I've got this internship for the summer; 40 hours a week of lab work, partnered with a professor at my university. And of course I have to do well at that, too. A lot of the other interns seem to be very intelligent. Half of them are going to be doctors. More than a few started taking college classes while they were in high school. And here I am, twenty-six years old, with a record of failing out of college altogether and being given this precious second chance I just can't pass up.
I'm afraid that if I let myself slip at all, it'll be back to D's and F's and "Withdrawn".
I'm afraid that if I don't do well, my mother will end up in a nursing home when she gets older and needs help because I won't be able to pay for someone to help her, and I'll feel horrible because I can't let her live with me and still stay sane.
I'm afraid that if I don't do well, people will think that people like me can't do well.
I have to do well because if I do, it will prove that giving people second chances is worth it.
I have to do well because I won't get any third chances, and I know it.
If I do well, it will prove that autistic students can succeed, and don't have to become non-autistic to do it.
I have to do well because if I don't, who will invent the technology that I might be able to think up, that might help a lot of people live their own lives instead of somebody else's concept of what they ought to be?
I feel like so much is riding on this... why me? Why can't the world pick a better person, someone more confident and capable, instead of someone who cries over a B and worries that if she slips up even the least little bit, it will be back to failing grades and hospital rooms and Haldol?
And then I feel even worse, because why in the world should I be so important? It's a horrible sort of pride, to think things couldn't possibly get better without you.
Insult to injury: You know what's on the sticker glued to the window of the office about two doors down from where I'm supposed to work?
CURE AUTISM NOW.
Yeah.
Somebody should spray-paint some swastikas and burn some crosses and complete the collection.

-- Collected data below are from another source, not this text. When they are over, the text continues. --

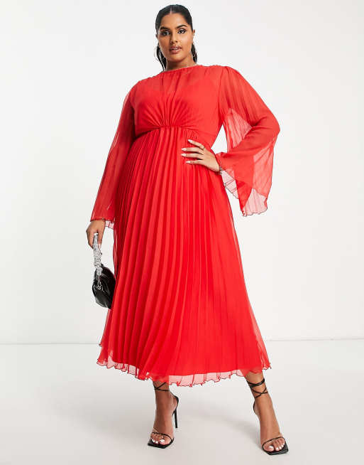ASOS DESIGN Curve tie back fluted sleeve pleated midi dress in red
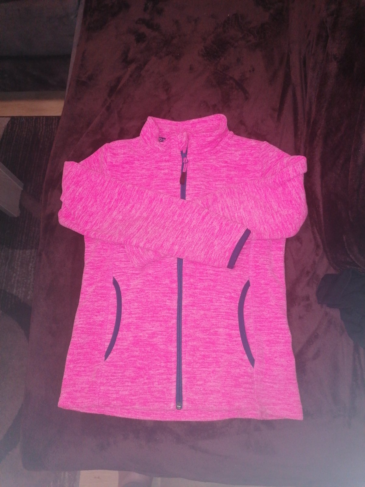 Fialovo ružová tepla mikina z Lidla so stojacikom nosená nepoškodena zipsy v poriadku. Jemné minižolky na ukončení rukávov aj dole na zakončení bundy. Rozmery: dĺžka 51cm, šírka 2x38cm, dĺžka rukáva od ramena 51cm a dĺžka rukáva od krku 60cm. Cena je bez poštovného.
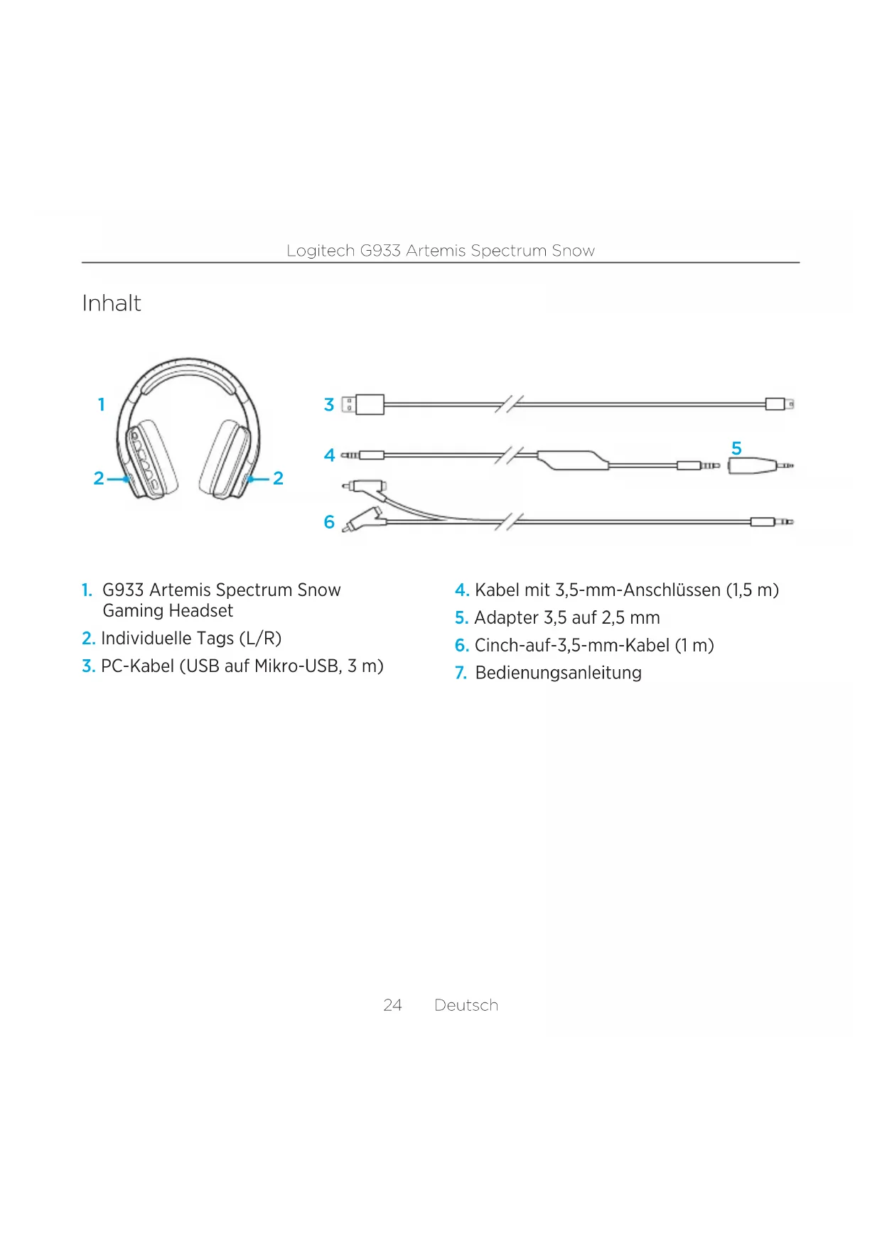 3Logitech G933 Artemis Spectrum Snow 33 Deutsch Einrichten für PC (3,5-mm-Anschluss) Das G933-Headset lässt sich auch über eine 3,5-mm-Kabel-Verbindung allein mit Audiogeräten nutzen.

I always used to comfort myself with the idea that I really wasn't trying as hard as I possibly could, that if I
really, really wanted to, I could do whatever I set out to accomplish--that failure was never going to happen unless I allowed it. I guess I know better now. I might fail, despite my best efforts; and my "best efforts" might include, sometimes, not having enough concentration or willpower left to put out much effort at all.

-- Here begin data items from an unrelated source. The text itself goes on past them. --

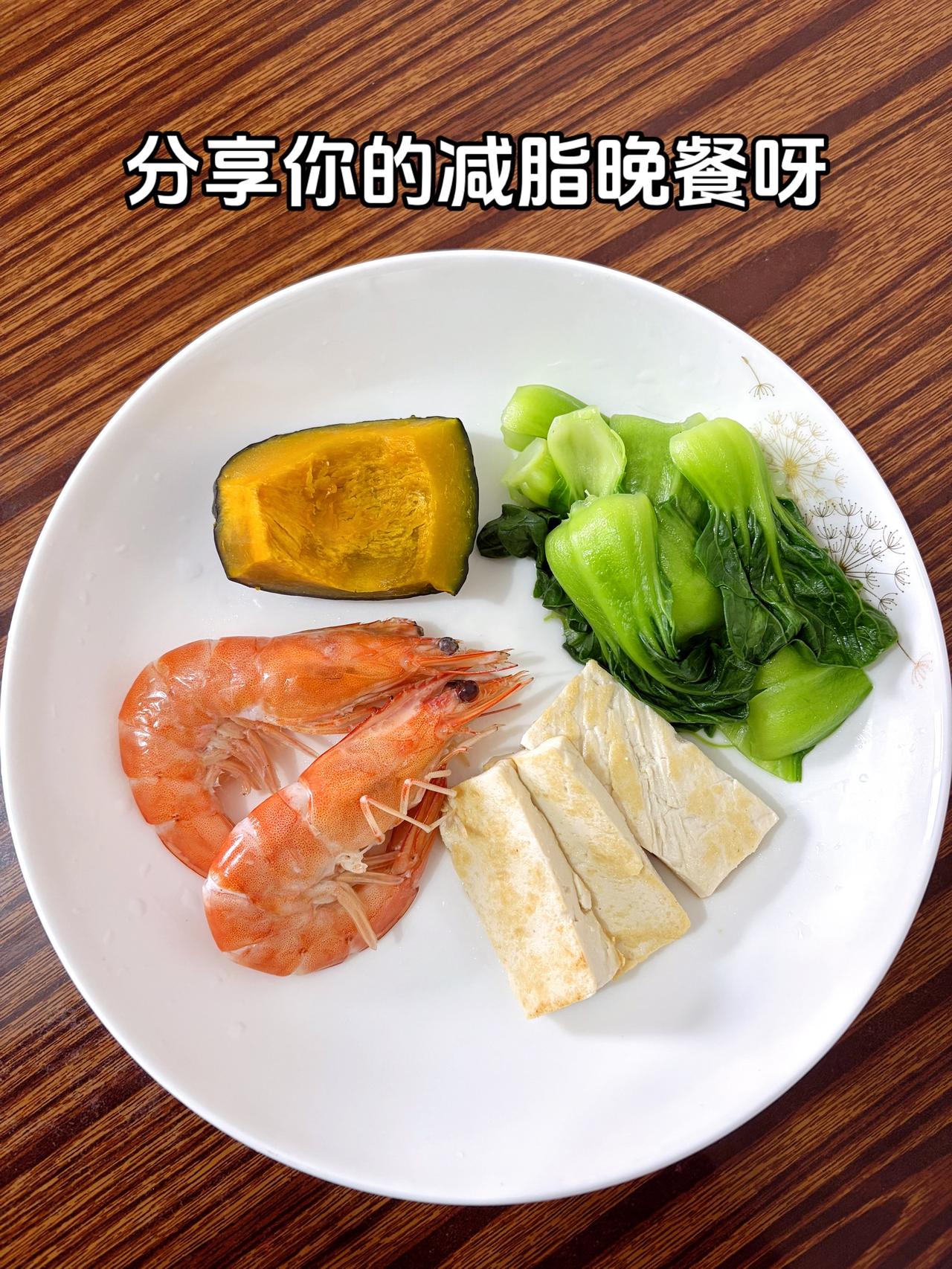 泪水打湿我的减脂餐,目标103斤,加油 今日减脂晚餐:豆腐+青菜+南瓜+虾
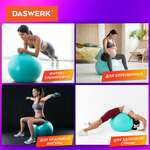 Мяч гимнастический (фитбол) 65 см с эффектом "антивзрыв", с ручным насосом, бирюзовый, DASWERK, 680015
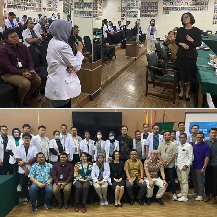 7月24日至25日,美寶國(guó)際的學(xué)術(shù)足跡延伸至西爪哇省首府萬(wàn)隆市,在當(dāng)?shù)刈畲蟮慕虒W(xué)醫(yī)院Hasan Sadikin與60余名醫(yī)療專業(yè)人士進(jìn)行了學(xué)術(shù)交流與分享。徐巍巍主任圍繞慢性創(chuàng)面護(hù)理與治療,深入剖析了再生醫(yī)療技術(shù)的作用機(jī)制、適應(yīng)癥范圍及學(xué)術(shù)研究成果,為參會(huì)者提供了生動(dòng)的講解及答疑。交流之余,醫(yī)院科室負(fù)責(zé)人Dr Almahita Cintami Putri的引領(lǐng)參觀,更是讓美寶國(guó)際團(tuán)隊(duì)對(duì)印尼醫(yī)療體系有了更為直觀和深入的了解。

Look at it one way, and that's a sort of peaceful thought--the same sort of peace you feel when you've set your battle plans and you're either going to win or lose and there's just the actual fighting to get over with before you can see which it will be. But the other way, it's a horrible fearful thought, because it means that my life, which is the only one I have to spend, may end up being wasted--
without my being able to do a thing about it.

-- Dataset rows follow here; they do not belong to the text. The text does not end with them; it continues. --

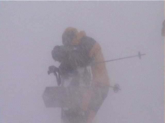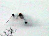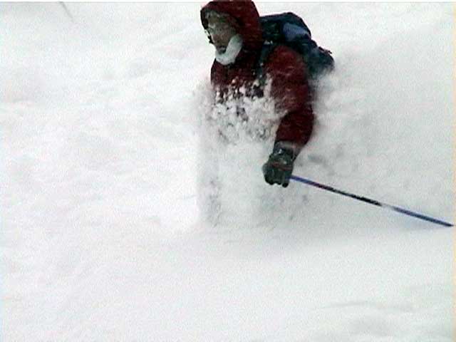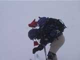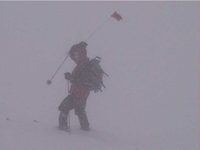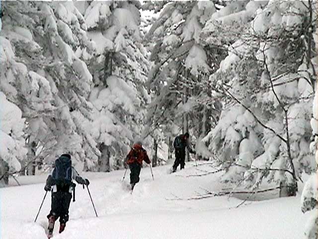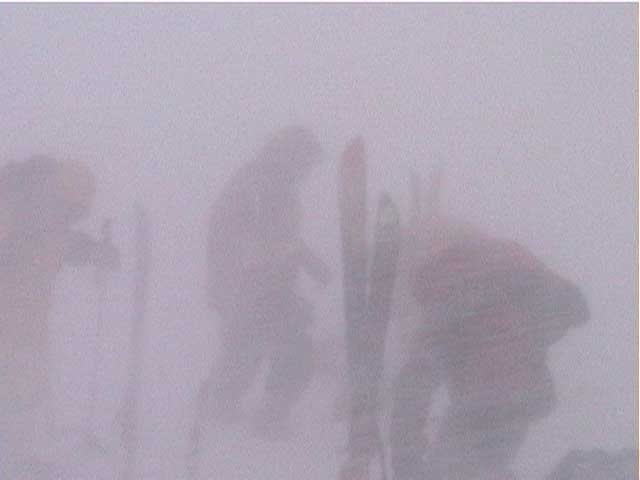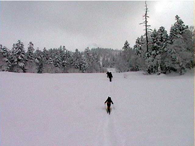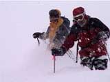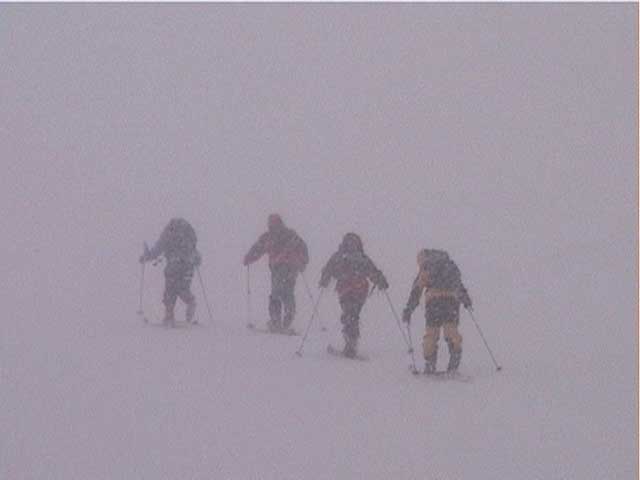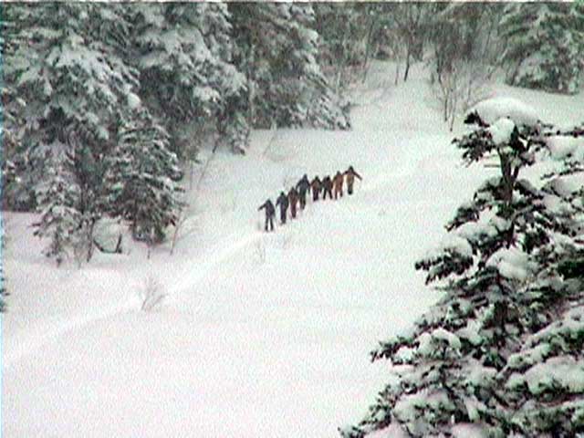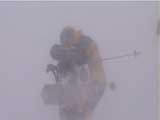 | 本日の悪天候の犠牲者は、場慣れしている私と妻とSさんの3名のテレマーカー。そして、クロカンで鍛えていて滑降テクも高い山スキーヤー2名。さあ、皆で吹雪へゴー! 結果:登頂成功 天候:曇り〜ひどい吹雪 気温:-5〜-15度 積雪:十分 雪質:若干重い深雪、ところどころ悪雪。 コース:夏道コース 10:12 白銀荘 天候:曇り無風 気温-5度 三段山の麓は風も無く、気温も高め(写真1)。しかしこれにだまされてはいけない。上空はかなり風が強そうだ。しっかりデポ旗を持ち、アバランチビーコンも装着する。 ここ何日かの雪が膝近くまで積もっていたが、先行者の立派なトレースをたどることができた(写真2)。 2段目あたりから風雪が強まり、三段山は野生の本性をむき出しにし始めた(写真3)。 ここらで対風雪装備を固めておこう。帽子とフェイスマスクを被り、フードで固める。 12:00 三段目 天候:吹雪 強風視界不良 気温-12度 次第に視界が悪くなる。3段目からデポ旗打ち開始(写真4)。 視界との兼ね合いを考えながらデポ旗を最低限の数で効率よく打つのだが、帰りにその読みが当たるかどうかが楽しい。 登りはめったに迷わないが下りが怖い。三段山では、たいてい下り方向が風上となるので、よく視界が奪われるのだ。 雪も重たくて難儀する。このあたりではラッセル跡は強風であっと言う間にかき消されてしまう。 先行者が4段目手前で撤収準備をしていた。すでに視界は30メートル程度で気温も急降下している。普通はここから撤退するところだろう。 でも三段山なら、相当な悪天候でも登頂が可能だし、とても良い訓練になる。さあ吹雪も楽しもう! 1時に合流することになっていた秀岳荘ツアー一行に、合流できない旨連絡しようと携帯電話から電話をかけてみたが、白銀荘のカウンターと数語話しただけで金属音が鳴りっぱなしになり、使用不能になってしまった。舌打ちして電源を切る。 尾根に出るとさらに猛烈な風になり、帰路に崖尾根へ転落することを警戒してスキーをデポした。ここからはストックだけ持って坪足で登る。ゴーグルを着用しないと目が凍り付く(睫毛が氷結して目が開かなくなる)。 12:55 山頂 天候:ひどい吹雪 強風視界不良 気温-15度 よろめくようにして山頂に到着。標識に抱きつく妻(写真5)。 視界は10メートル程度。時々突風が身体を突き飛ばす。もちろん登頂と同時に即下山だ。 「降りるぞー!」と大声で怒鳴る。今日はさすがに山頂ビールは飲めない(苦笑) 尾根上で大急ぎでスキーを装着して降りたが(写真6)、視界は一面真っ白でバランス感覚が狂う。特に先頭を行くと、滑っているのか止まっているのか、はたまた空を飛んでいるのかわからなくなる。そのうち急に雪面に顔面を打ち付けられて、滑降中に転んだことがわかるといった具合だ(これを雪酔いというらしい、ひどいときには本当に吐きそうになる)。 はぐれないようデポ旗ごとに人数を確認しながら降りていった。まさしく地獄のような状況だったが、たまには吹雪を楽しもう!デポ旗とダンスするsさん(写真7)。 丁度良い機会なので妻にコンパスの使い方の訓練をさせる。今度、もっと余裕が出てきたらツエルトを張ってみようか。 とても深い雪の中、顔まで粉雪を吹き上げながら順調に高度を下げてきたのだが(写真8〜10)、途中二段目と三段目の間の斜面で、Sさんが転倒し捻挫してしまった。今日は、雪が若干重いうえ部分的に堅い吹き溜まりがあり、そこへ突っ込んだらしい。吹雪を楽しむのは良いが、こんな落とし穴もあるので油断はできない。幸い軽傷だったためそのまま降りたが、今年の三段山は負傷が多い。 かなり標高を下げてほっと一息ついているところで、パークボランティアの方々と出会い、スノーモービル問題について意気投合する。 樹林帯の中でビール&昼食を取る予定だったが、捻挫の応急処置を優先してそのまま白銀荘へ下ることにした。 しかし、その途中で異様な一団が登ってきた。妙に密な隊列を組んでいて不気味である。彼等はいったい何者だ? 続きは次号、刮目して待て!(なーんて) 注) 決してお勧めはしないが、あえて厳しい自然環境に身を置いてみると、意 外と楽しい。ただし油断はないように、デポ旗、コンパス、地図、GPS、無線機などの装備で、しっかり安全を確保するのが前提である。 |
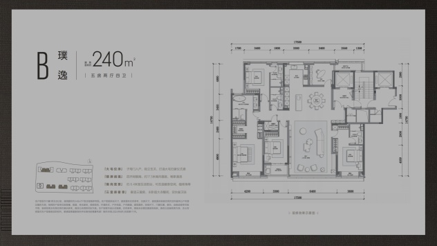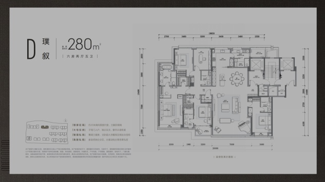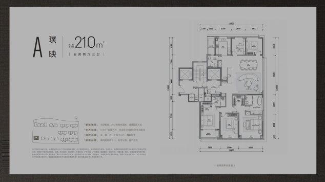 高层主力户型:约210㎡、240㎡、280㎡,全系五房标配
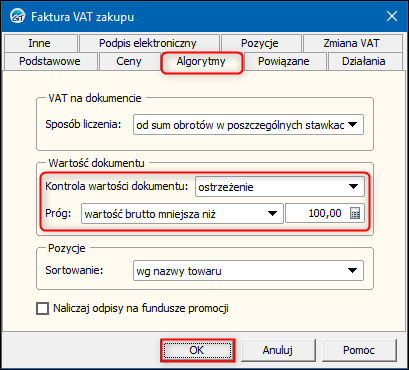 2. W oknie, które się wyświetli przejść na zakładkę Algorytmy i dokonać ustawień w sekcji Wartość dokumentu. Wskazać sposób kontroli wartości (ostrzeżenie, które pozwala zapisać dokument lub blokada zapisu) i ustawić Próg. Zmiany zapisać przyciskiem OK.

It may be just that I'm idealistic and I have set much too high a value on myself. Maybe it doesn't even matter if I succeed or fail at making some dent in the craziness and evil of the world... but that's even worse, because that means that my life is automatically wasted, no matter what effort I put out. If I truly believed it didn't matter, I probably wouldn't think life worth anything more than just counting time until I ended up as just one more cadaver in the anatomy lab.
I can't accept that. It has to matter. It has to be worth
something, however small. I have to make some kind of impact, and it doesn' t matter if I'm the only one who knows I've done it. People's lives should matter. Nobody should have to live a life and leave the world unchanged.